> **EXERCISE INPUT**:
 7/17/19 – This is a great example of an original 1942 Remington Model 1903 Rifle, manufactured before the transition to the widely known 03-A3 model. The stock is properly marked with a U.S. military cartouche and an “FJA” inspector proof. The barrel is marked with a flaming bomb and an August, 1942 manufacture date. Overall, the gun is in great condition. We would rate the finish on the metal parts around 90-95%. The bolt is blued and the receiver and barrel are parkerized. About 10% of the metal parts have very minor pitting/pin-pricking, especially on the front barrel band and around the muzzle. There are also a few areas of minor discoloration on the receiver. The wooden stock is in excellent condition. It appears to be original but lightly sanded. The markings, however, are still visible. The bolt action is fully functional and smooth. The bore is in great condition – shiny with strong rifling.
...
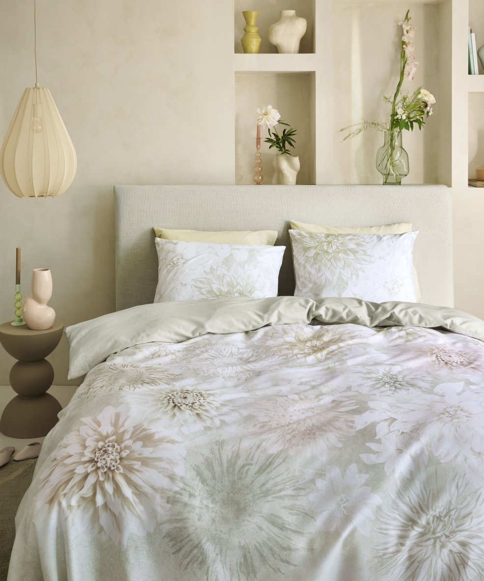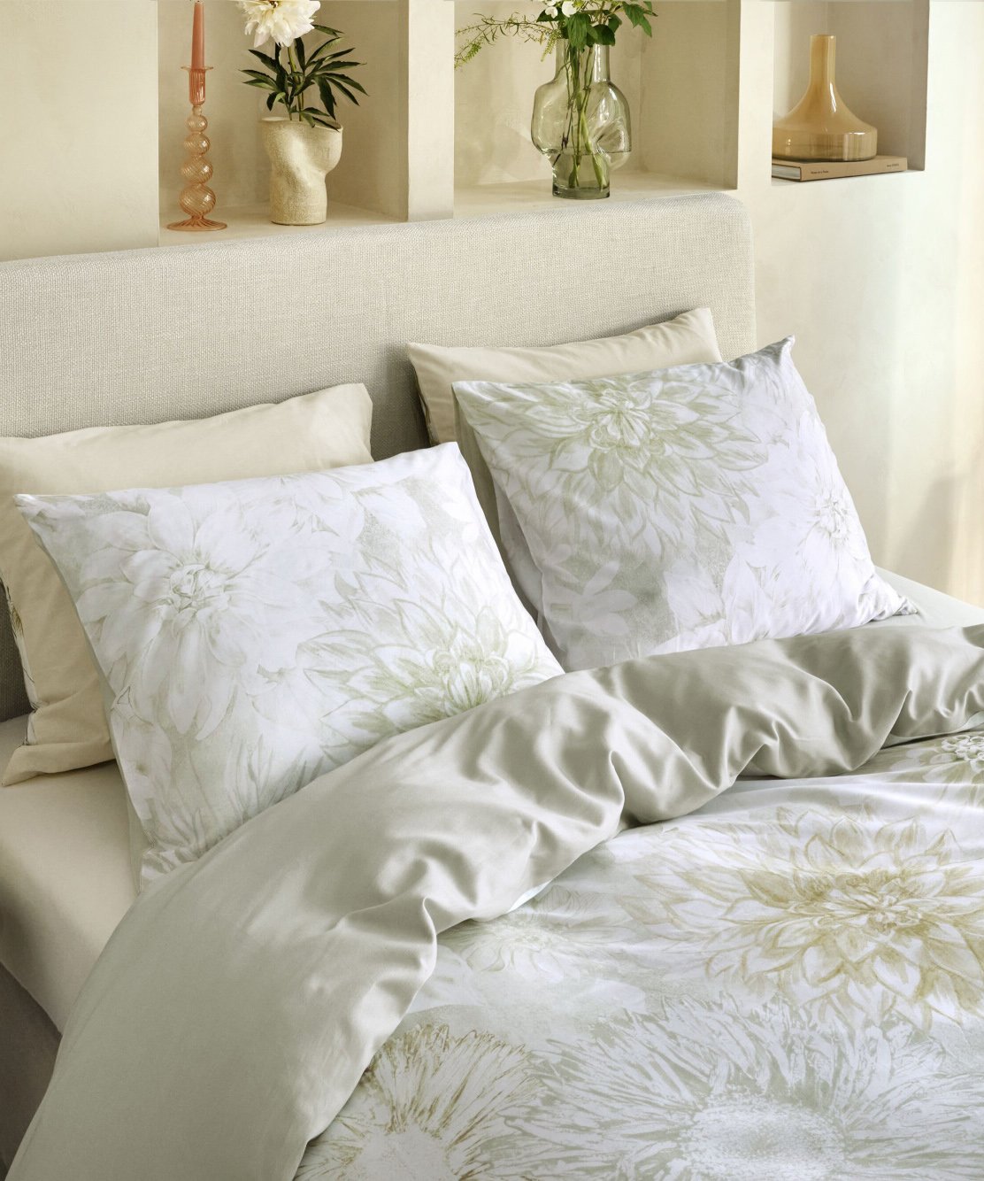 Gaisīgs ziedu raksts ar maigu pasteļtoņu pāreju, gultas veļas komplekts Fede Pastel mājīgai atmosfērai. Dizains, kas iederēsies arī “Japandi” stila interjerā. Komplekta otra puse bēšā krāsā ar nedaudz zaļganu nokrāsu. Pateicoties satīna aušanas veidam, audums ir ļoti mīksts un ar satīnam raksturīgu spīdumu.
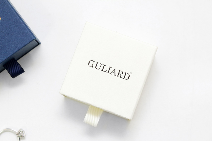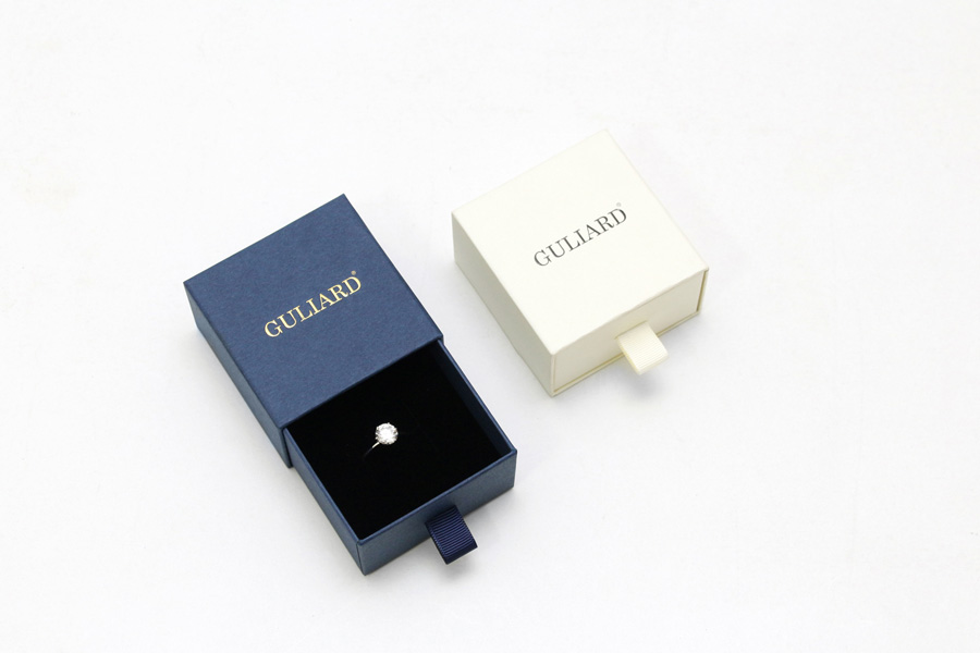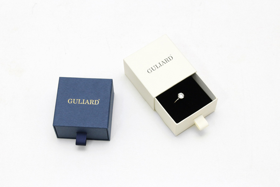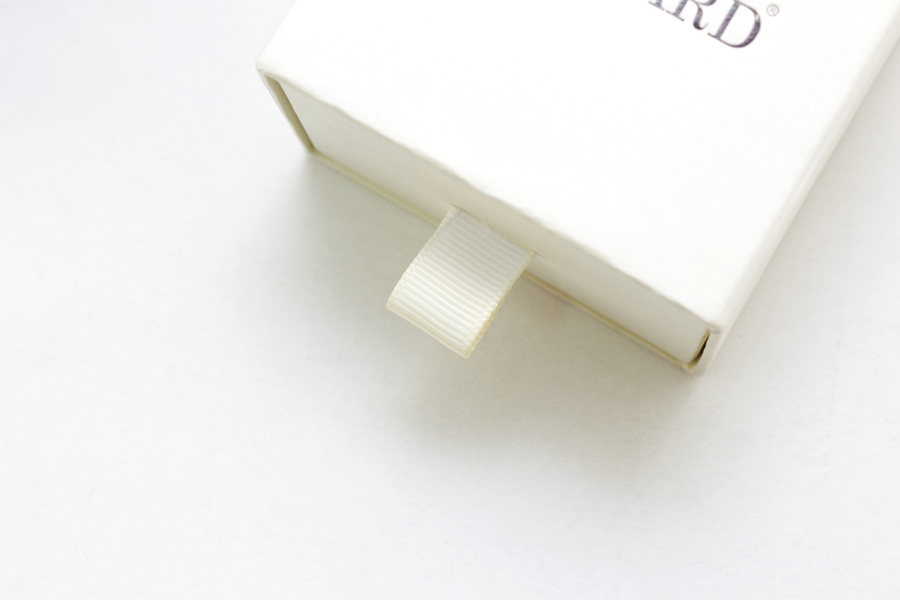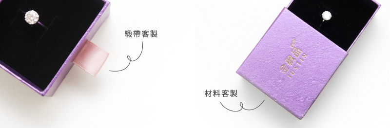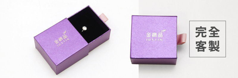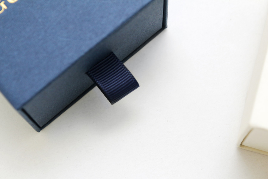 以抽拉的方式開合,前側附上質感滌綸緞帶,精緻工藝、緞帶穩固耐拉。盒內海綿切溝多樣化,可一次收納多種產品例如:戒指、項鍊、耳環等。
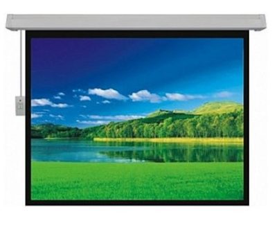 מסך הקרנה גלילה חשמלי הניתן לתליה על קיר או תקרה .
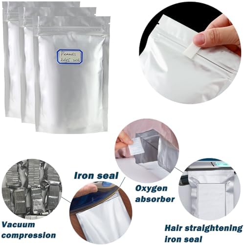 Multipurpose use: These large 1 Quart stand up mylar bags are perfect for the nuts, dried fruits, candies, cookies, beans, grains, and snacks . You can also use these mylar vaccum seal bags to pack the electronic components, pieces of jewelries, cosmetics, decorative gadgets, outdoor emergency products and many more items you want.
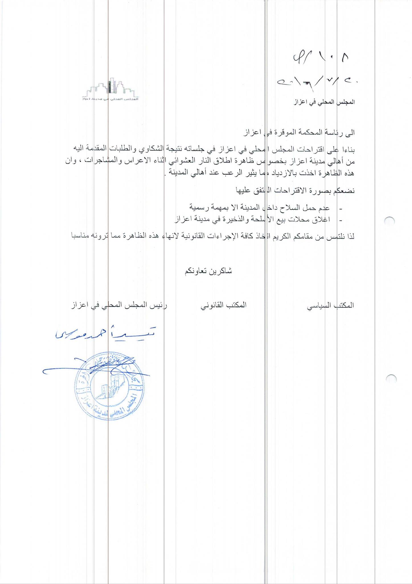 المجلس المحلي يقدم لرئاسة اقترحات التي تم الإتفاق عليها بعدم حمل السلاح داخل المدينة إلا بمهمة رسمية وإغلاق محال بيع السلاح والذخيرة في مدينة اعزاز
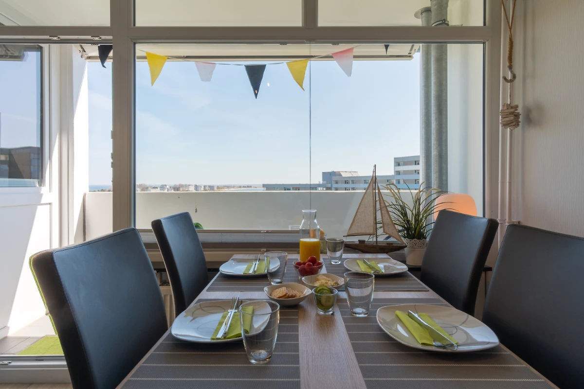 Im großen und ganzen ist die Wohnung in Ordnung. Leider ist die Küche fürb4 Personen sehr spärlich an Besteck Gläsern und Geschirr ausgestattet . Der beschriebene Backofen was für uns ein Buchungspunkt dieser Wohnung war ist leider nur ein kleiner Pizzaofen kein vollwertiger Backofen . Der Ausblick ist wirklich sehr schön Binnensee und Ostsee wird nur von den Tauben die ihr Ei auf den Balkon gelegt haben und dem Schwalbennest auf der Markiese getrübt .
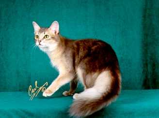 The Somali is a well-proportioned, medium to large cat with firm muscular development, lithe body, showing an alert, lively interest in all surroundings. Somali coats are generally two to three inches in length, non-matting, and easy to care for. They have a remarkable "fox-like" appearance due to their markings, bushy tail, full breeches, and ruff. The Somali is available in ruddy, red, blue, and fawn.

> **EXERCISE INSTRUCTIONS**:
Leaving out each picture, repeat exactly the lines above from the one that contains "מסך הקרנה גלילה" through the one that contains "المجلس المحلي يقدم".

> **RESPONSE TO THIS EXERCISE**:
 מסך הקרנה גלילה חשמלי הניתן לתליה על קיר או תקרה .
 Multipurpose use: These large 1 Quart stand up mylar bags are perfect for the nuts, dried fruits, candies, cookies, beans, grains, and snacks . You can also use these mylar vaccum seal bags to pack the electronic components, pieces of jewelries, cosmetics, decorative gadgets, outdoor emergency products and many more items you want.
 المجلس المحلي يقدم لرئاسة اقترحات التي تم الإتفاق عليها بعدم حمل السلاح داخل المدينة إلا بمهمة رسمية وإغلاق محال بيع السلاح والذخيرة في مدينة اعزاز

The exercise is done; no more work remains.